Higher education is tertiary education leading to the award of an academic degree. Higher education, also called post-secondary education, third-level or tertiary education, is an optional final stage of formal learning that occurs after completion of secondary education. It represents levels 5, 6, 7, and 8 of the 2011 version of the International Standard Classification of Education structure. Tertiary education at a non-degree level is sometimes referred to as further education or continuing education as distinct from higher education.

The right of access to higher education
The right of access to higher education is mentioned in a number of international human rights instruments. The UN International Covenant on Economic, Social and Cultural Rights of 1966 declares, in Article 13, that "higher education shall be made equally accessible to all, on the basis of capacity, by every appropriate means, and in particular by the progressive introduction of free education". In Europe, Article 2 of the First Protocol to the European Convention on Human Rights, adopted in 1950, obliges all signatory parties to guarantee the right to education.

Definition
Higher education, also called post-secondary education, third-level or tertiary education, is an optional final stage of formal learning that occurs after completion of secondary education.
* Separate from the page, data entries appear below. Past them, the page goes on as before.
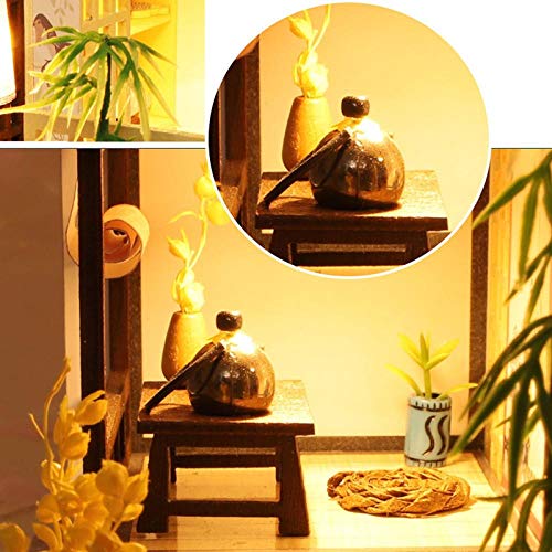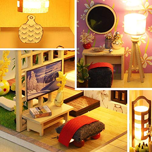 Erhumama Casa delle Bambole FAI DA TE Con Mobili LED Luce Copertura Polvere Kit Miniatura Giapponese Tatami Loft Room Assemblaggio In Legno Modello Edificio Puzzle Giocattolo Regalo Per Bambini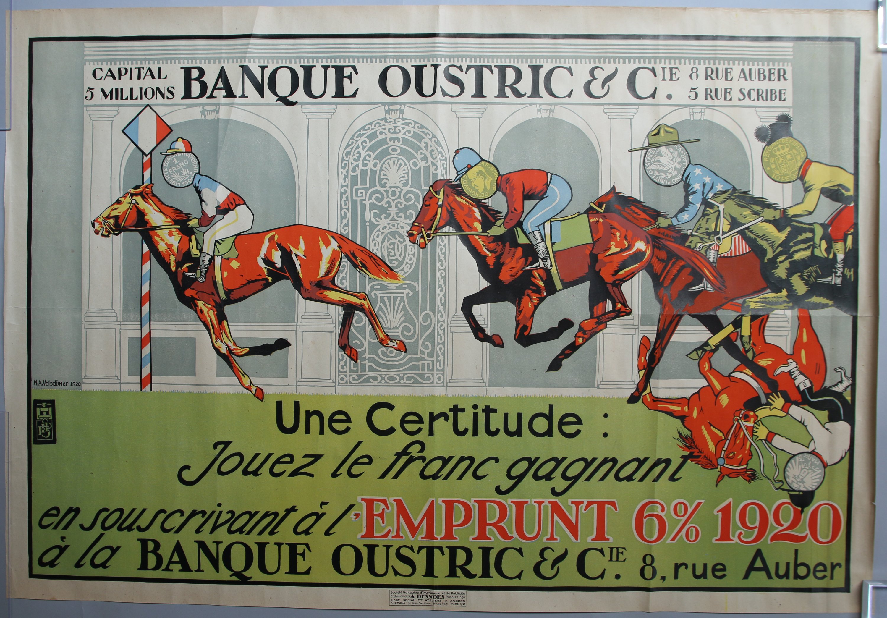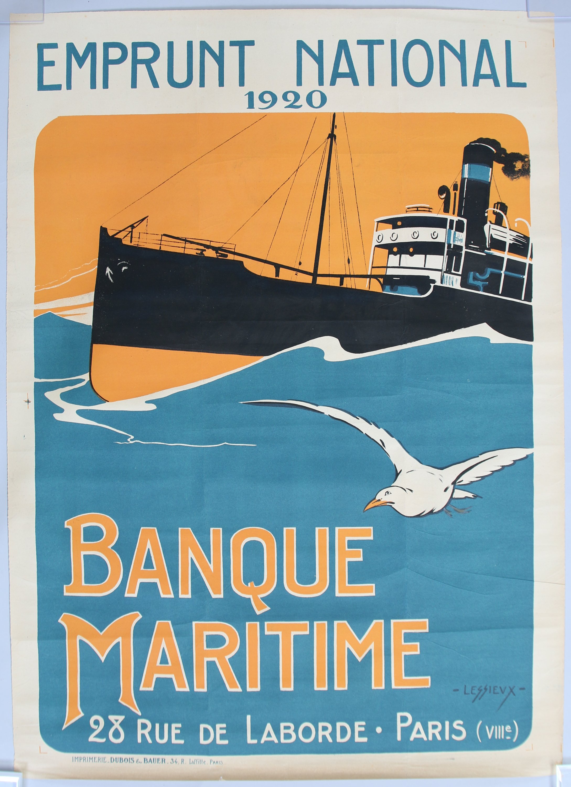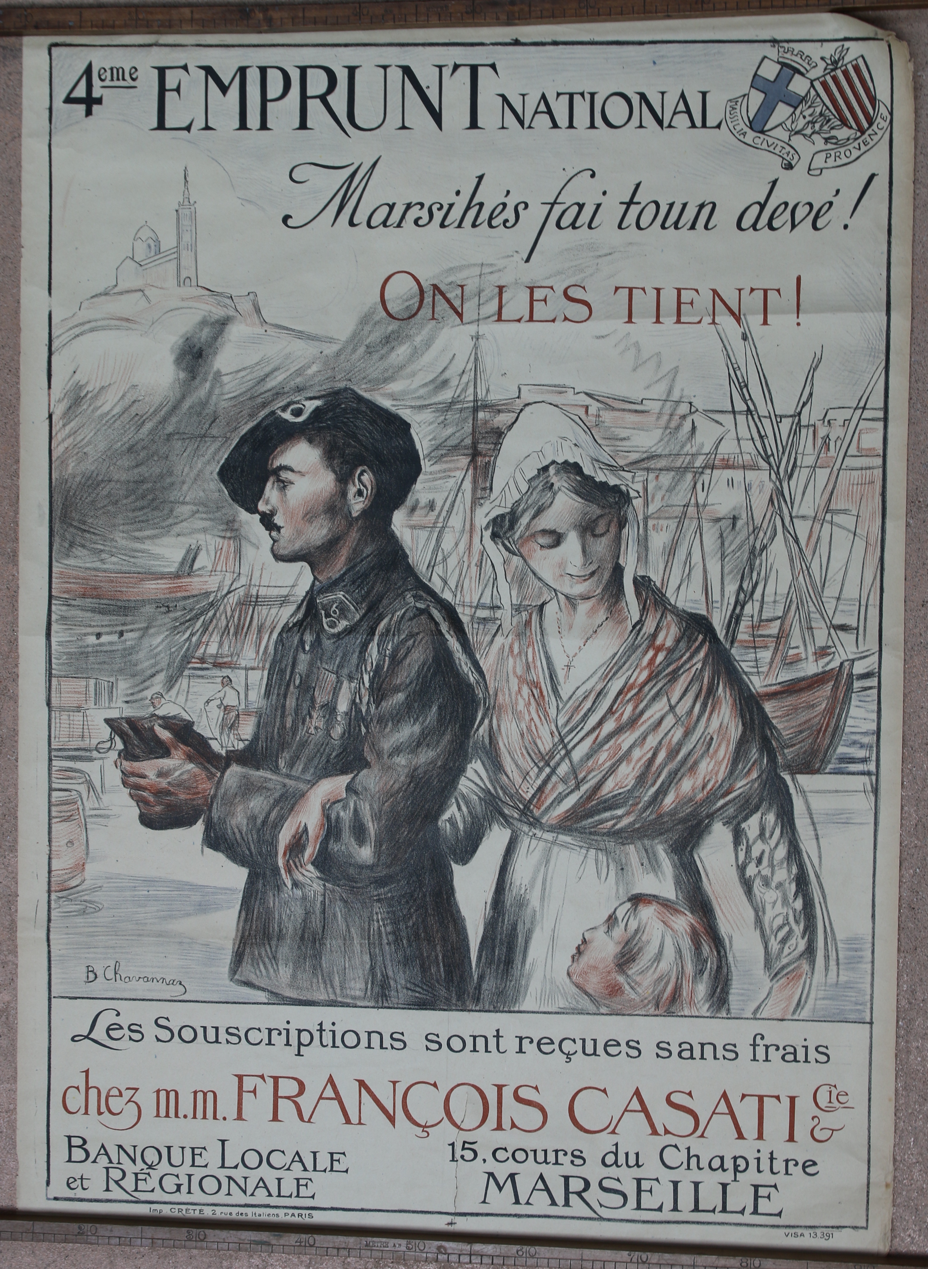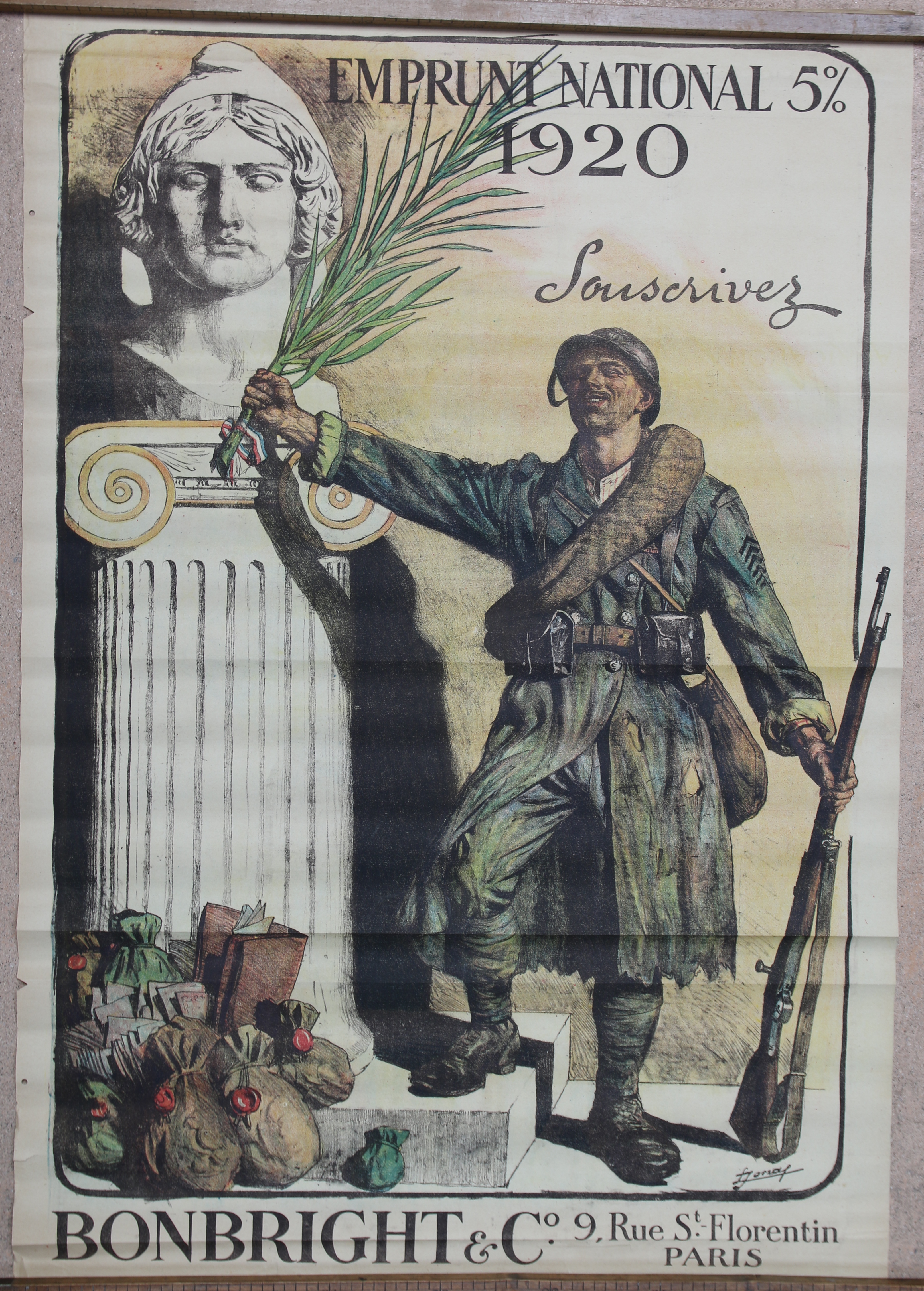HISTOIRE BANCAIRE. Collection d'une centaine d'AFFICHES majoritairement sur le thème des EMPRUNTS BANCAIRES, nottament lors de la première guerre mondiale, mais aussi des établissements de crédit marseillais, du Sud de la France, d'Algérie et d'Italie.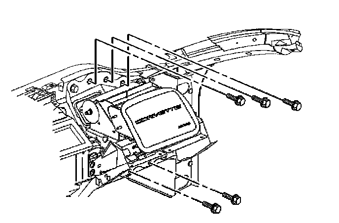 6. Install the bolts which secure the SIR bracket to the I/P upper and lower support beams.
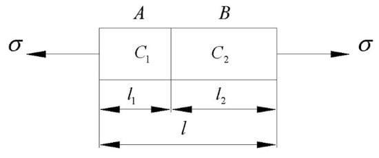 The elastic properties of a deep rock mass can be obtained by superimposing the elastic properties of each major component of the rock mass. To take one-dimensional uniaxial stretching as an example, as shown in Figure 11, the specimen consists of components A and B. The length of component A is l1, and the modulus of elasticity is C1. The amount of elongation is ∆l1 under the action of tensile stress σ. The length of component B is l2, and the modulus of elasticity is C2. The amount of elongation is ∆l2 under the action of tensile stress σ. The two components were separated by Hooke’s law as follows: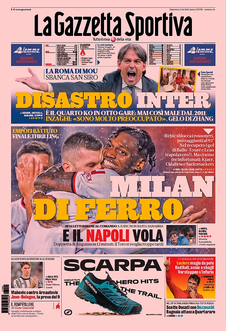 «Рома» Моура взяла «Сан Сиро». Это четвёртое поражение в восьми матчах: никогда не было так плохо с 2011. Индзаги: «Я очень опасаюсь». Мороз от Чжэна.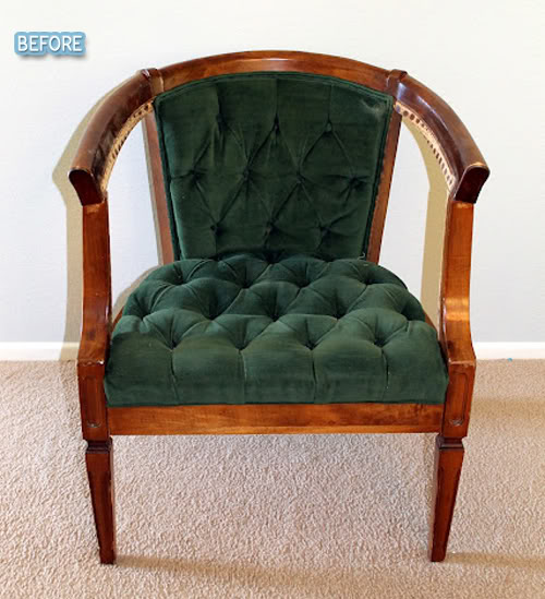 Another chair makeover! Who can resist? Not me. Blair found this chair at Goodwill (on 50% off day, brave girl!) and stripped it to its bones with the best intentions of giving it a worthy makeover. However, the chair proved to be a surprisingly tough (and smelly) contender and Blair had to call in for backup. Luckily her mom came to the rescue and finished sewing the chair up nice and pretty.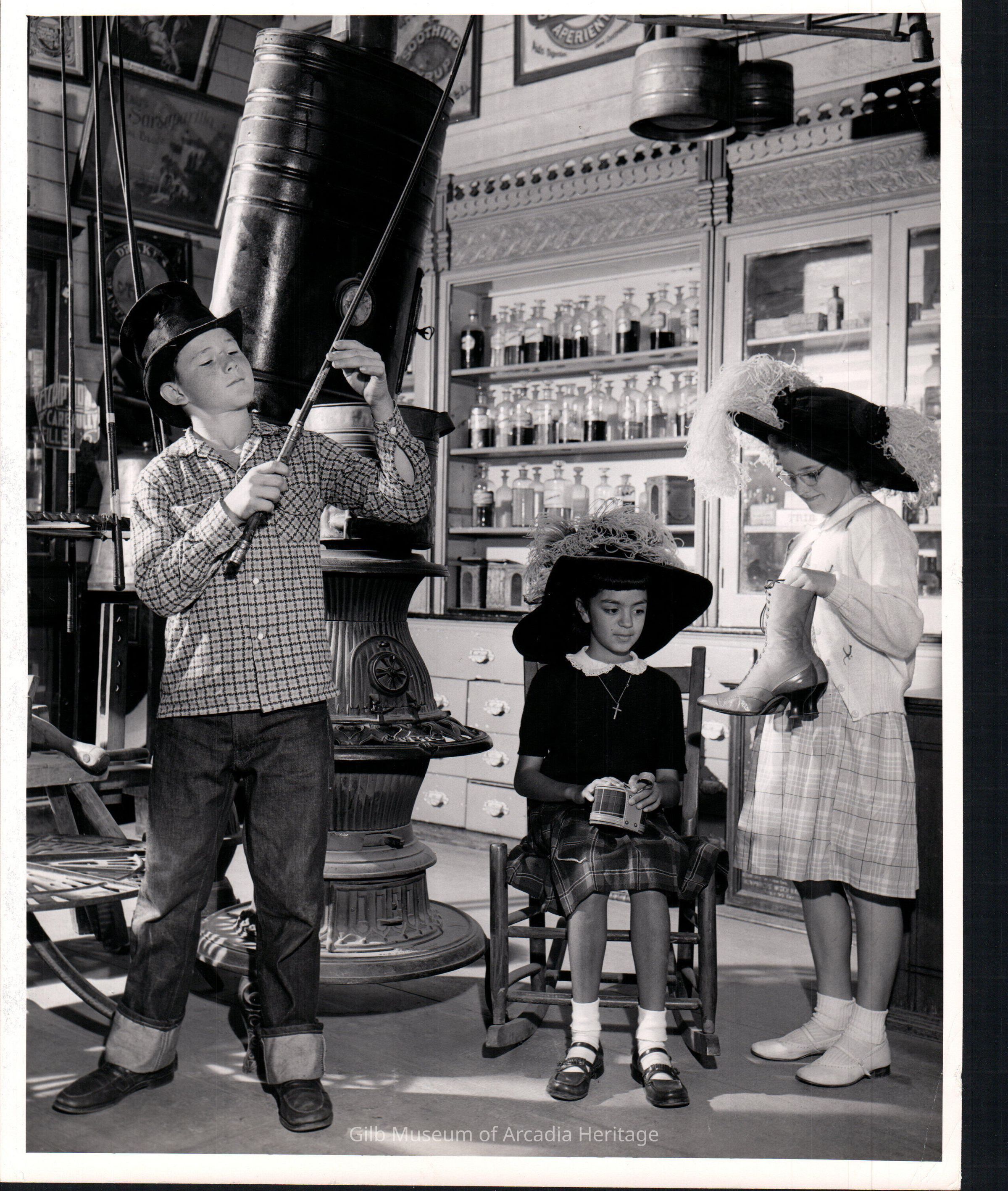A boy and two girls pose with various objects at a display at the Pony Express Museum in Arcadia, CA.Collection

This consists of Universities, Colleges and Polytechnics that offer formal degrees beyond high school or secondary school education.

The International Standard Classification of Education in 1997 initially classified all tertiary education together in 1997 version of its schema. They were referred to as level 5 and doctoral studies at level 6. In 2011, this was refined and expanded 2011 version of the structure. Higher education at undergraduate level, masters and doctoral level became levels 6, 7, and 8. Non-degree level Tertiary education, sometimes referred to as further education or continuing education was reordered ISCED 2011 level 4, with level 5 for some higher courses.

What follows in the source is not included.